In the 1950s about one third of the world’s population lived in cities, by the second decade of the new millennium this proportion had risen to about one half and it is projected that by 2050, almost three-quarters of us will live in urban, rather than rural or other, areas. It is important for the comfortable and sustainable development of cities and the quality of life of their citizens that we define and understand what makes a city liveable.

From the economic perspective, liveability is a key characteristic that attracts people with talent and money leading to putatively self-fulfilling economic growth and resilience and power on the global scale. But, city dwellers are not all rich and talented and their growing populations must have available to them opportunity for personal growth and a good quality of life too.

The team describes their index as a work in progress, but posits a liveability list of the 64 cities studied, which includes many of the most populace cities. The ranking of the top ten is as follows: Geneva, Zurich, Singapore, Copenhagen, Helsinki, Luxembourg, Stockholm, Berlin, Hong Kong, Auckland. New York City does not appear until number 17, despite being ranked number 1 by economic indicators and other ranking schemes. Tokyo is number 18. London is number 22. Moscow close to the bottom of the rankings at number 62 and Jakarta bottom of their list at number 64.

However, the team has simulated new rankings based on how environmental, political and economic change to improve liveability might alter the order and shown that Singapore could rise to joint #1 with Geneva while Chicago, Shanghai, Amman and Abu Dhabi could jump from relatively low-ranking positions to much higher up the team’s urban league table. “The rank of a city today is not necessarily a good indicator of its rank in the future,” the team suggests. Environmental restoration and transport infrastructure improvements already underway in many Asian, and specifically Chinese cities, could see the higher liveability today of European cities outstripped as those developing cities develop further.

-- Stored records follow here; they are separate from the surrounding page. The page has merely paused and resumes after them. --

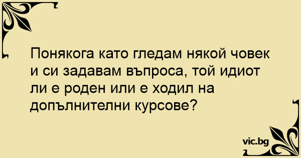 Понякога като гледам някой човек и си задавам въпроса, той идиot ли е роден или е ходил на допълнителни курсове?
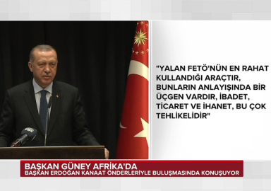 Türkiye Cumhuriyeti Devleti Başkanı Recep Tayyip Erdoğan BRICS Zirvesi kapsamında bulunduğu Güney Afrika Cumhuriyeti'nde Müslüman kanaat önderleri ile bir araya geldiği programda konuşma yaptı.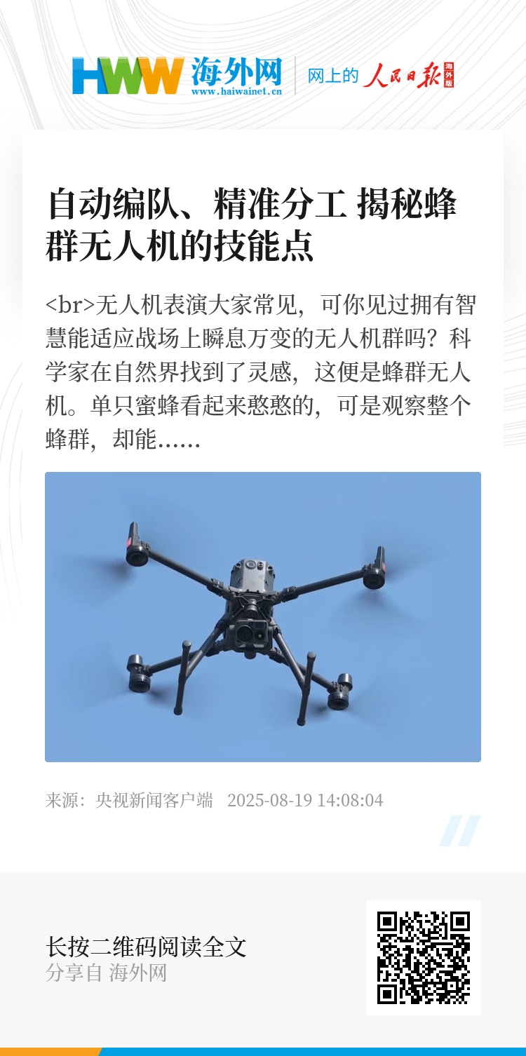 无人机表演大家常见,可你见过拥有智慧能适应战场上瞬息万变的无人机群吗?科学家在自然界找到了灵感,这便是蜂群无人机。

The team’s ongoing work involves assessing 200 global cities including 100 from Greater China, 30 from South East Asia, 20 from the Middle East and 50 from Europe, Australia, New Zealand, North and South America.

Giap, T.K., Thye, W.W. and Aw, G. (2014) ‘A new approach to measuring the liveability of cities: the Global Liveable Cities Index’, World Review of Science, Technology and Sustainable Development, Vol. 11, No. 2, pp.176–196.